> **TASK BRIEF**
In the records below, find the line with "Загальна площа: 67.1 м2", then copy each line exactly until you have copied the line with "ホテル東横INN(東横イン)公式アプリのスクリーンショット". Leave any picture out.

> **RECORD EXCERPTS**
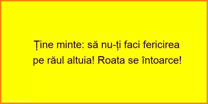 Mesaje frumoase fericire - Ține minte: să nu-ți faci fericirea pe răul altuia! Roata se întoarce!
==
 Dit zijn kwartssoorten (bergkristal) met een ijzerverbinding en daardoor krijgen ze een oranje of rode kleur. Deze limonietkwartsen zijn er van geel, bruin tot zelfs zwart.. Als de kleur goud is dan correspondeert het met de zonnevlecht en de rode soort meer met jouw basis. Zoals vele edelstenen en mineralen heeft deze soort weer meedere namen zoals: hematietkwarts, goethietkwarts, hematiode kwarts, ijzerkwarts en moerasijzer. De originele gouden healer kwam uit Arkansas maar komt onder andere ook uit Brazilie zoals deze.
...
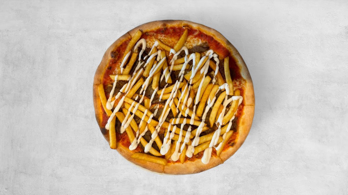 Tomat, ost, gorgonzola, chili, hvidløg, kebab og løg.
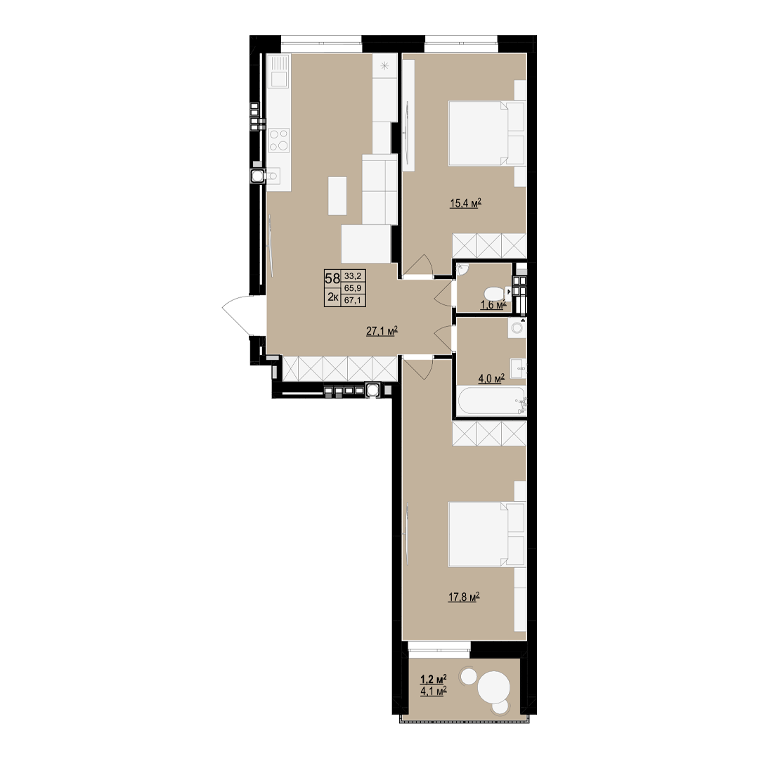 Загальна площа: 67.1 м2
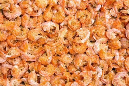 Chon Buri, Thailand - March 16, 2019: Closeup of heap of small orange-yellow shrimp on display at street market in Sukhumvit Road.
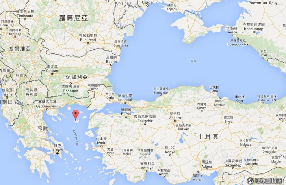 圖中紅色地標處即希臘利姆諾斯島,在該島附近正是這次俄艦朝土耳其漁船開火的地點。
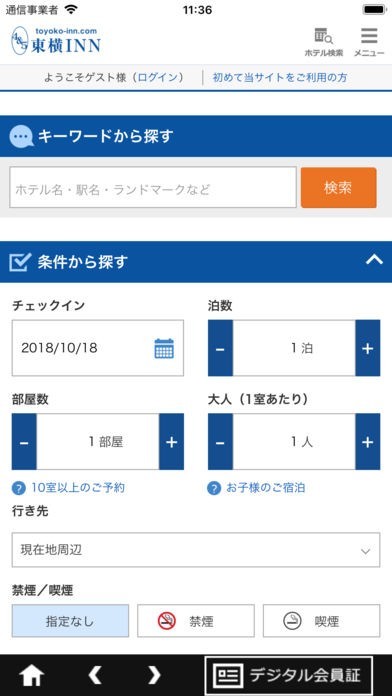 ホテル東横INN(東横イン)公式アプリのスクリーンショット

> **PROBLEM SOLUTION**
 Загальна площа: 67.1 м2
 Chon Buri, Thailand - March 16, 2019: Closeup of heap of small orange-yellow shrimp on display at street market in Sukhumvit Road.
 圖中紅色地標處即希臘利姆諾斯島,在該島附近正是這次俄艦朝土耳其漁船開火的地點。
 ホテル東横INN(東横イン)公式アプリのスクリーンショット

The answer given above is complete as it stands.